Here we wrap a minimal example script into a CWL document. We use a python script (heatmap.py), that creates a heatmap file (heatmap.svg) based on an input table containing sugar abundance assay data (sugar_result.csv). Wrappig the script in CWL makes it reusable in another ARC to generate the same type of heatmap based on another input table. For more details, checkout the introduction to CWL.

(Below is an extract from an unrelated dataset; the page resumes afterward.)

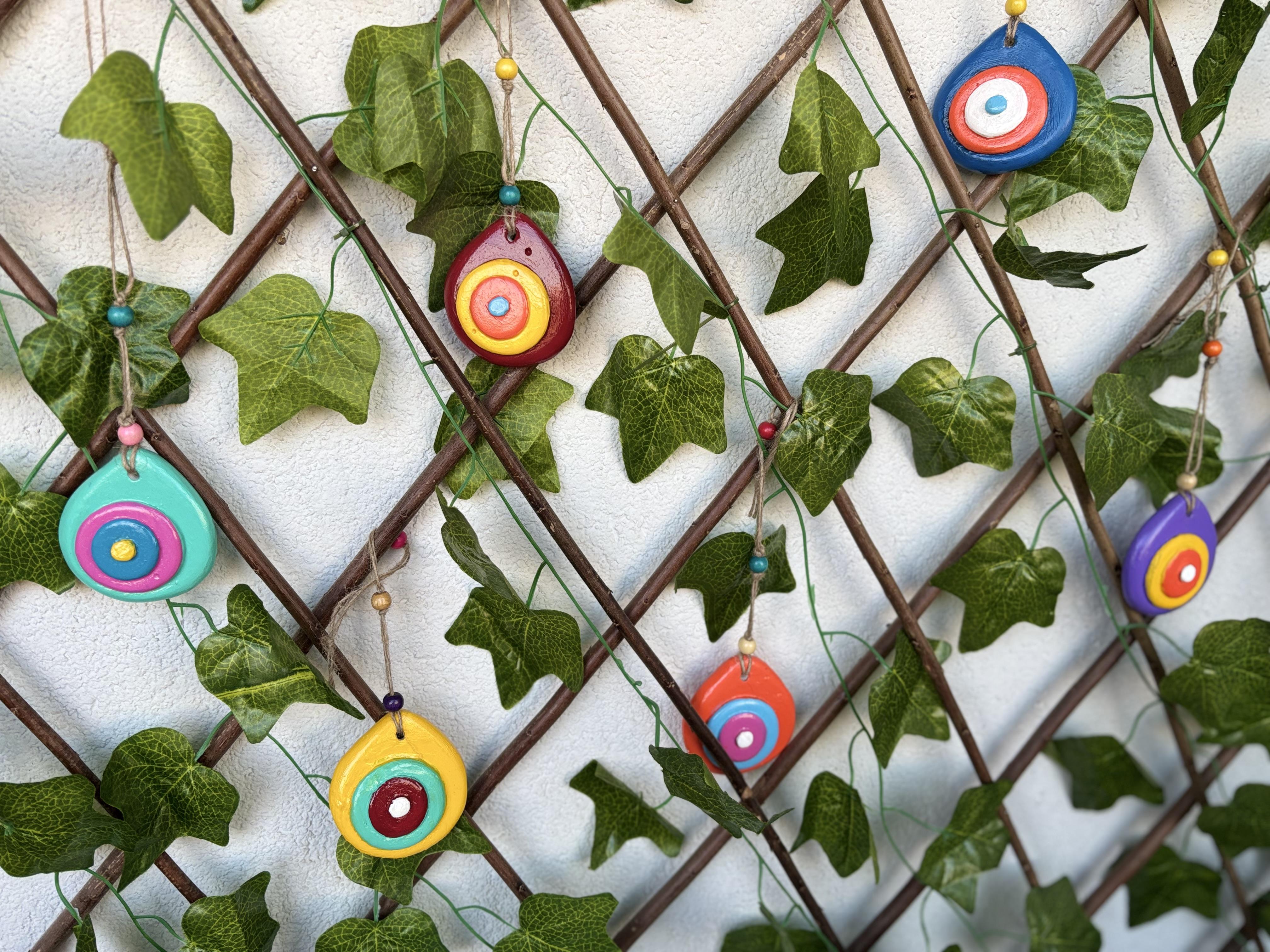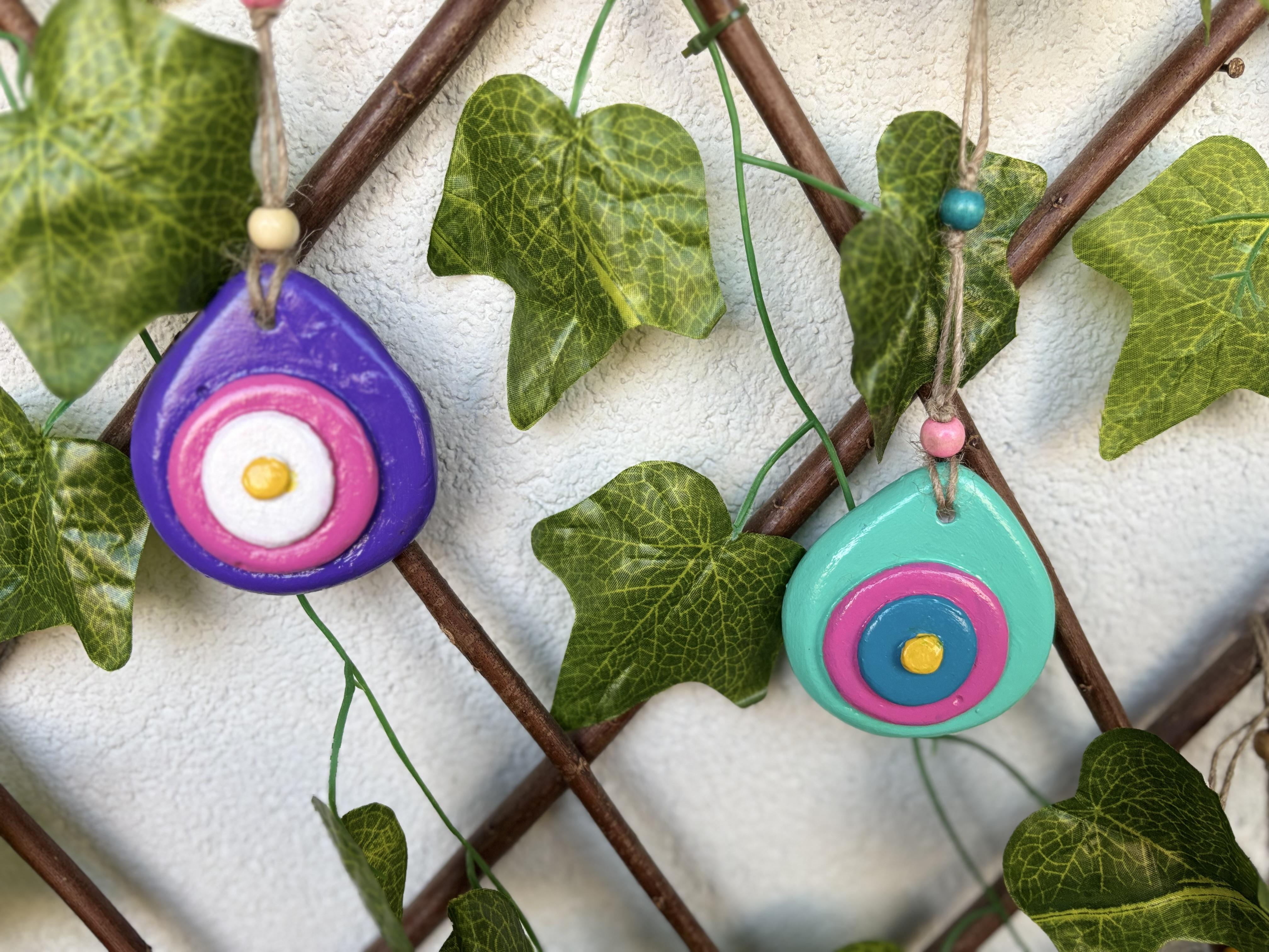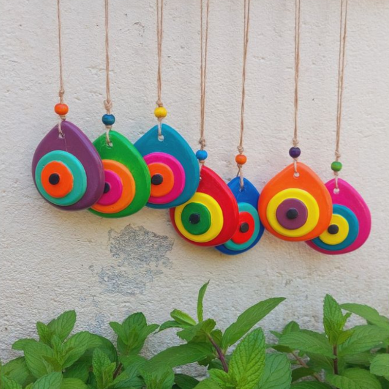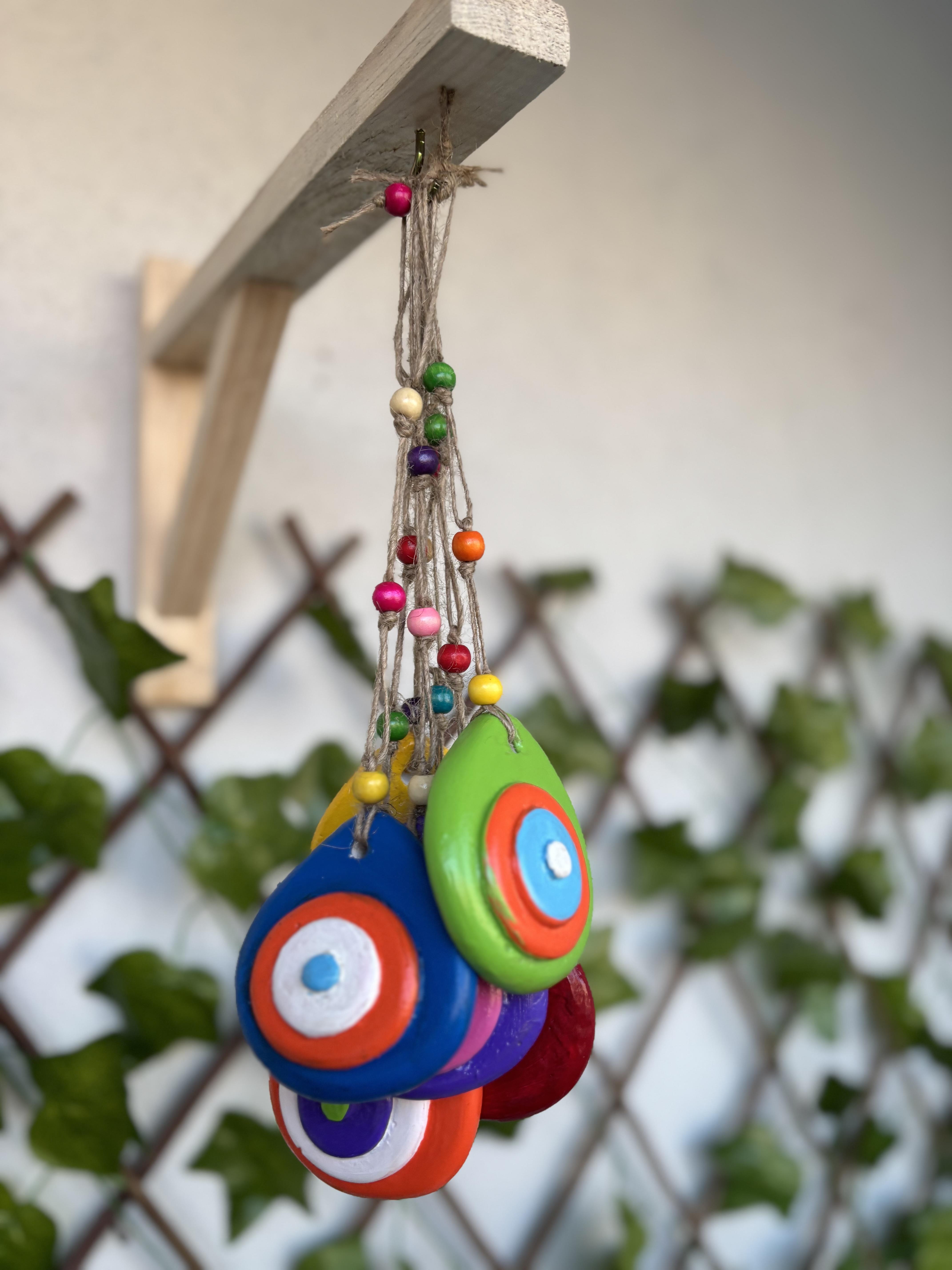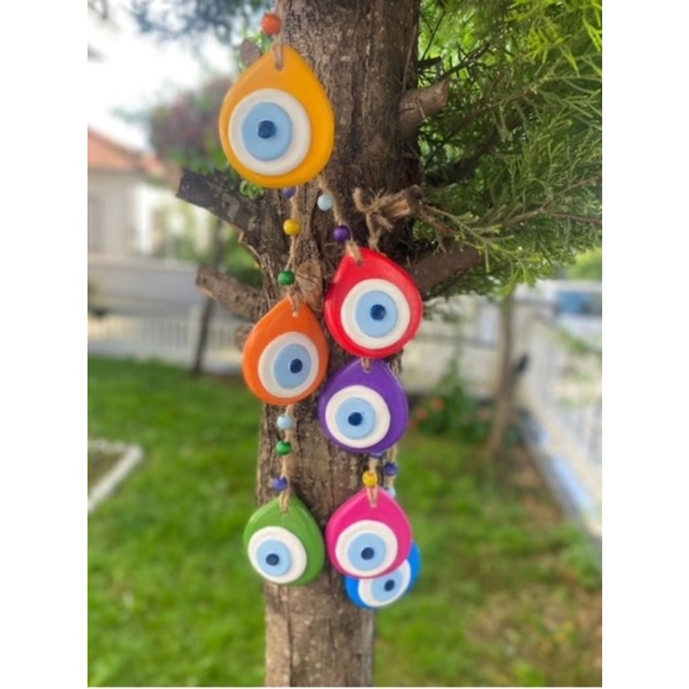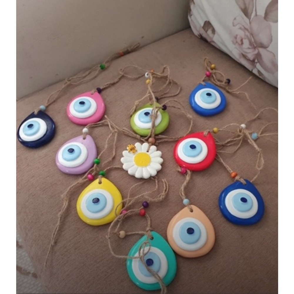 Nazar boncuk 8 x7x3 cm dir. İpiyle birlikte toplam uzunluğu 23cm dir.

Isolate run parameters and workflow

We add the following files to the ARC. You can download the files here.

import pandas as pd
import plotly.express as px
import sys

# Read command line arguments
MeasurementTableCSV=sys.argv[1]
FigureFileName=sys.argv[2]

# Read the CSV file
data = pd.read_csv(MeasurementTableCSV, index_col=0, on_bad_lines='skip')

# Create a heatmap
fig = px.imshow(data,
                labels=dict(x="Columns", y="Rows", color="Value"),
                x=data.columns,
                y=data.index)

# Save heatmap to file
fig.write_image(FigureFileName + ".svg")

#!/usr/bin/env cwl-runner

cwlVersion: v1.2
class: CommandLineTool
requirements:
  - class: InitialWorkDirRequirement
    listing:
      - entryname: heatmap.py
        entry:
          $include: heatmap.py
  - class: NetworkAccess
    networkAccess: true
baseCommand: [python3, heatmap.py]
inputs:
  MeasurementTableCSV:
    type: File
    inputBinding:
      position: 1
  FigureFileName:
    type: string
    inputBinding:
      position: 2

outputs:
  heatmapfile:
    type: File
    outputBinding:
      glob: "*.svg"

# Small Python runtime as image
FROM python:3.9-slim

# Install python dependencies
RUN pip install --no-cache-dir pandas==2.2.3 plotly==6.0.1 kaleido==0.2.1

#!/usr/bin/env cwl-runner
cwlVersion: v1.2
class: Workflow

inputs:
  MeasurementTableCSV: File
  FigureFileName: string

steps:
  heatmap:
    run: ../../workflows/heatmap/workflow.cwl
    in:
      MeasurementTableCSV: MeasurementTableCSV
      FigureFileName: FigureFileName
    out: [ heatmapfile ]

outputs:
  output:
    type: File
    outputSource: heatmap/heatmapfile

MeasurementTableCSV:
    class: File
    path: ../../assays/SugarMeasurement/dataset/sugar_result.csv
FigureFileName: heatmap

Briefly summarized,

the heatmap.py is the example data analysis script, which creates a heatmap based on a CSV table input
the workflow.cwl is a CWL document that incorporates the heatmap.py
- It requires two inputs
  1. MeasurementTableCSV: the file name of the CSV table
  2. FigureFileName: how the user wants to name the output file
- And it generates one output: an .svg file named according to FigureFileName
the Dockerfile handles the software dependencies
- here: Python and the python packages pandas, plotly, kaleido (including specific versions)
the run.cwl connects the inputs to the workflow steps to be run
- in this example only a single step heatmap/workflow.cwl is being run
the run.yml provides the required input parameters for run.cwl
- the relative path to the CSV table input: sugar_result.csv
- the desired file name: e.g. heatmap

Loading diagram...

Source

flowchart LR

subgraph "workflow.cwl"
  py@{ shape: doc, label: "heatmap.py"}
  dk@{ shape: doc, label: "Dockerfile" }
end

run.yml --o run.cwl
workflow.cwl --o run.cwl
run.cwl --> heatmap.svg

sugar_result.csv -.- run.yml

Using the workflow in your ARC

Open the ARC
Add a folder “heatmap” to workflows
- Import workflow.cwl into workflows/heatmap
- Import heatmap.py into workflows/heatmap
- Import Dockerfile into workflows/heatmap
Add a folder “heatmap-run” to runs
- Import run.cwl into runs/heatmap-run
- Import run.yml into runs/heatmap-run

The ARC should now look like this:

Directoryassays
- DirectorySugarMeasurement
  - Directorydataset
    sugar_result.csv
  - …
isa.investigation.xlsx
Directoryruns
- Directoryheatmap-run
  - run.cwl
  - run.yml
studies
…
Directoryworkflows
- Directoryheatmap
  - Dockerfile
  - heatmap.py
  - workflow.cwl

In the ARC, navigate to the heatmap-run folder:
Terminal window
```
cd runs/heatmap-run
```
Use the cwltool to run the workflow:
Terminal window
```
cwltool run.cwl run.yml
```
This requires that cwltool and Docker are installed on your system.